The impact of steroid use in patients with chronic subdural hematoma (cSDH) treated with both surgical evacuation and middle meningeal artery embolization (MMAE) has not been previously reported. This study compares outcomes in this specific patient population.

Methods

We conducted a multi-institutional, multi-national, retrospective, propensity score–matched study using the TriNetX platform. Patients with cSDH who underwent both surgical evacuation and MMAE were included and stratified based on whether they received adjunctive steroid therapy. Primary outcomes included unplanned inpatient readmissions, need for repeat surgery, and six-month mortality.

Results

A total of 605 cSDH patients met the inclusion criteria, of whom 283 received adjunctive steroids. After propensity score matching, no significant differences were observed in the primary outcomes between patients who received steroids and those who did not. However, the steroid group exhibited non-significantly higher rates of inpatient readmission and mortality.

Conclusion

In patients with cSDH treated with a combination of surgical evacuation and MMAE, adjunctive steroid therapy was not associated with improved outcomes. These findings suggest that steroids may not confer a clear benefit in this setting and could potentially expose patients to unnecessary risks.
背景:类固醇对慢性硬膜下血肿(cSDH)患者手术引流和脑膜中动脉栓塞(MMAE)治疗的影响此前未见报道。
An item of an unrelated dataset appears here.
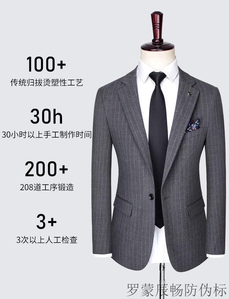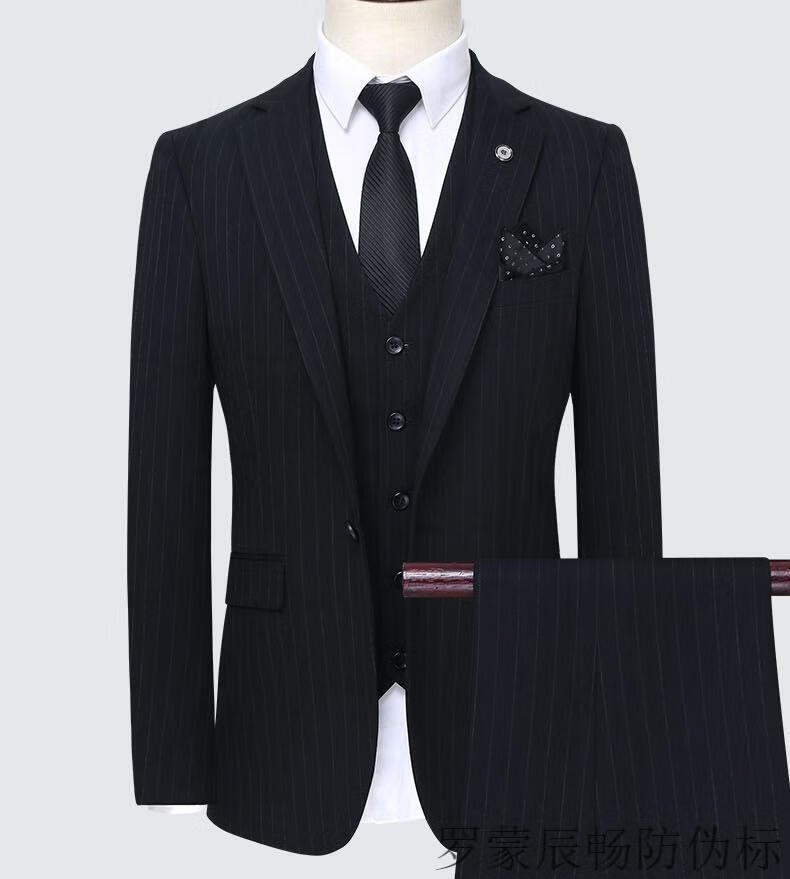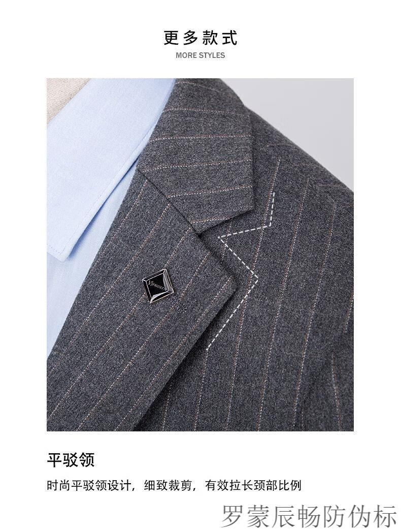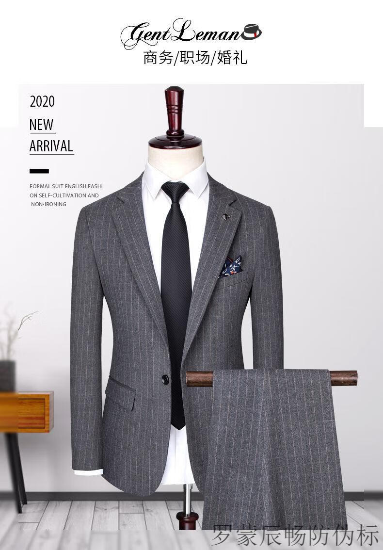 ROMON suit men's three-piece striped groomsmen groomsmen wedding dress Korean version slim business suit TZ2031 gray-three-piece suit vest pants L 175 (120-135) Jin Jin is equal to 0.5 kg

这项研究比较了这一特定患者群体的结果。方法采用TriNetX平台进行了一项多机构、多国家、回顾性、倾向评分匹配的研究。同时接受手术疏散和MMAE的cSDH患者被纳入研究,并根据他们是否接受辅助类固醇治疗进行分层。主要结局包括非计划住院再入院、需要重复手术和6个月死亡率。结果605例cSDH患者符合纳入标准,其中283例接受了类固醇辅助治疗。在倾向评分匹配后,在接受类固醇治疗的患者和未接受类固醇治疗的患者之间的主要结局没有观察到显著差异。然而,类固醇组的住院再入院率和死亡率没有明显提高。结论在联合手术引流和MMAE治疗的cSDH患者中,辅助类固醇治疗与预后改善无关。这些发现表明,在这种情况下,类固醇可能不会带来明显的益处,并可能使患者面临不必要的风险。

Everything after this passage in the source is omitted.